Memang, kata dia, RUU tentang Provinsi Berciri Kepulauan ini satu isu yang bisa memancing provinsi berciri kontinental (daratan lebih luas) untuk membuat tandingannya.

”Tapi itu bukan pembicaraan formal. Namun isu itu ada. Dan DPR serta pemerintah pasti banyak alasan kenapa tidak melanjutkan pembahasannya,” tambahnya. Jika dilihat dari kondisi saat ini, tidak mudah menggolkan RUU tersebut untuk disahkan menjadi UU mengingat kondisi keuangan negara. Begitu juga dari segi politik kalah jauh dibandingkan yang lain. Keuangan negara juga anjlok. Sehingga, banyak pemotongan di kementerian/lembaga termasuk pengurangan anggaran ke provinsi-provinsi di Indonesia.

Apabila RUU ini disahkan menjadi UU, maka anggarannya akan bertambah. Sebab, akan ada dana transfer tambahan ke 8 provinsi berciri kepulauan di Indonesia. Jika dilihat kondisi anggaran saat ini, provinsi bercirikan kepulauan dirugikan. Sebab, anggaran dihitung berdasarkan luas daratan termasuk jumlah penduduk, panjang jalan hingga kondisi masyarakatnya. Sementara untuk provinsi berciri kepulauan, luas lautnya tidak dihitung. Penduduknya juga tidak sebanyak penduduk di provinsi daratan termasuk jalannya tidak sepanjang daerah daratan.
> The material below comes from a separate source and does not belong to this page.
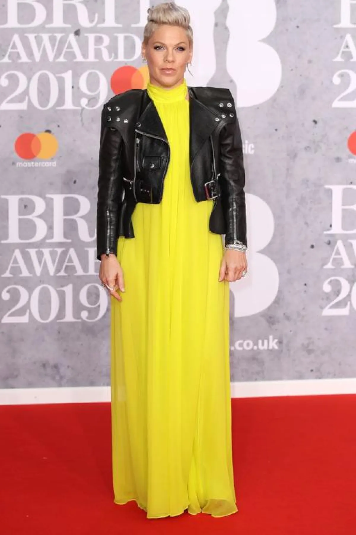 على ما يبدو أنّ النجمة الشهير “بينك” Pink علقت في الزمن في حقبة التسعينيات، والاطلالة التي اختارتها لحفل الـ"بريت Brit" مساء أمس، أكبر دليل على ذلك، فقد اختارت فستانًا من الموسلين باللون الأصفر، مع جاكيت قصير من الجلد الأسود، وقد رغبت من خلال هذه اللوك أن تُظهر موقف كونها تعتبر نفسها من مغني الروك، لكنها فشلت في ذلك، حيث بدا اللوك رخيصًا ولا يمت للأناقة بصلة.
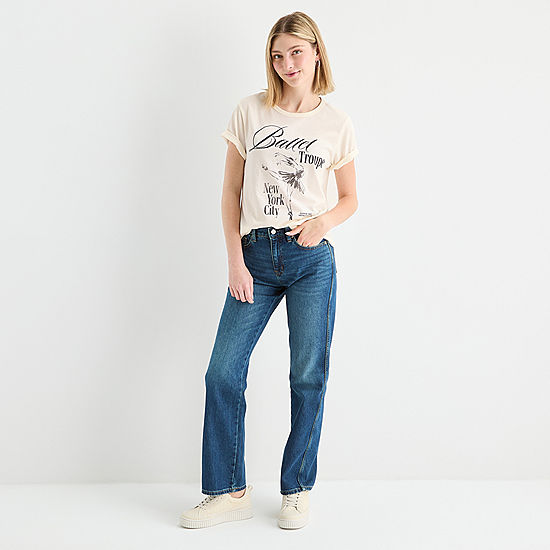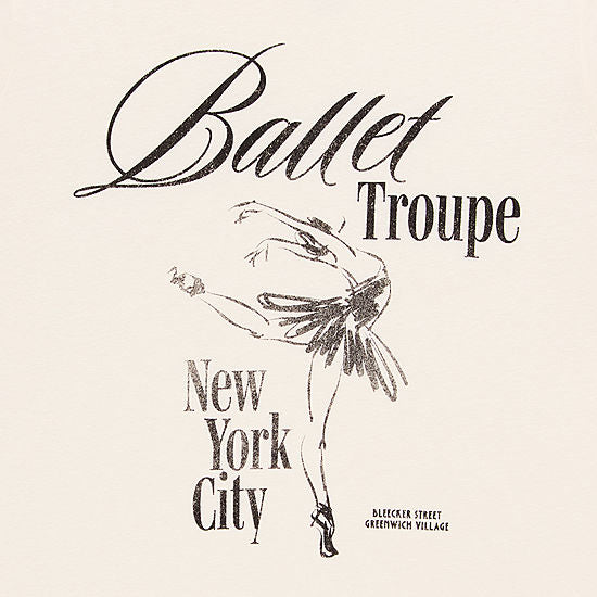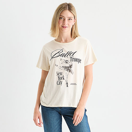 Description: Show off your love for New York City with the Women's NYC Ballet Short Sleeve Graphic T-Shirt in ivory. This t-shirt features a ballet-inspired graphic print and is made from lightweight jersey fabric for breathability and softness against your skin. With its convenient pullover design, the women's NYC ballet short sleeve graphic t-shirt in ivory is a go-to option for busy days or quick outfit changes.

Sementara biaya untuk pembangunan daerah kepulauan cukup tinggi.

Baca Juga :  Nelayan Vietnam Lawan Petugas

”Dan daerah pulau terluar butuh biaya. Ini jangan dilupakan. Makanya kita (DPD) berjuang terus,” tegasnya. Dari informasi sebelumnya, sulitnya menggolkan RUU Provinsi Berciri Kepulauan itu menjadi UU karena pemerintah pusat khawatir bertambahnya kaveling APBN yang wajib disiapkan tiap tahun. Sebab, di Indonesia, sudah ada pengkavelingan APBN seperti Provinsi DKI Jakarta, Yogyakarta, Irian Jaya dan Aceh. Kemudian, ada juga Dana Desa, anggaran pendidikan, anggaran kesehatan dan lainnya.

Ada pun 8 provinsi kepulauan di Indonesia yakni, Provinsi Kepri, Provinsi Maluku, Provinsi Maluku Utara, Provinsi Nusa Tenggara Timur (NTT), Provinsi Nusa Tenggara Barat (NTB), Provinsi Bangka Belitung (Babel), Provinsi Sulawesi Utara (Sulut) dan Provinsi Sulawesi Tenggara (Sultra). Kepri merupakan salah satu provinsi kepulauan dengan luas daratan hanya 4 persen dan luas lautan 96 persen. Jika alokasi anggaran tidak dihitung dengan lautnya, maka dana transfer yang diterima kecil.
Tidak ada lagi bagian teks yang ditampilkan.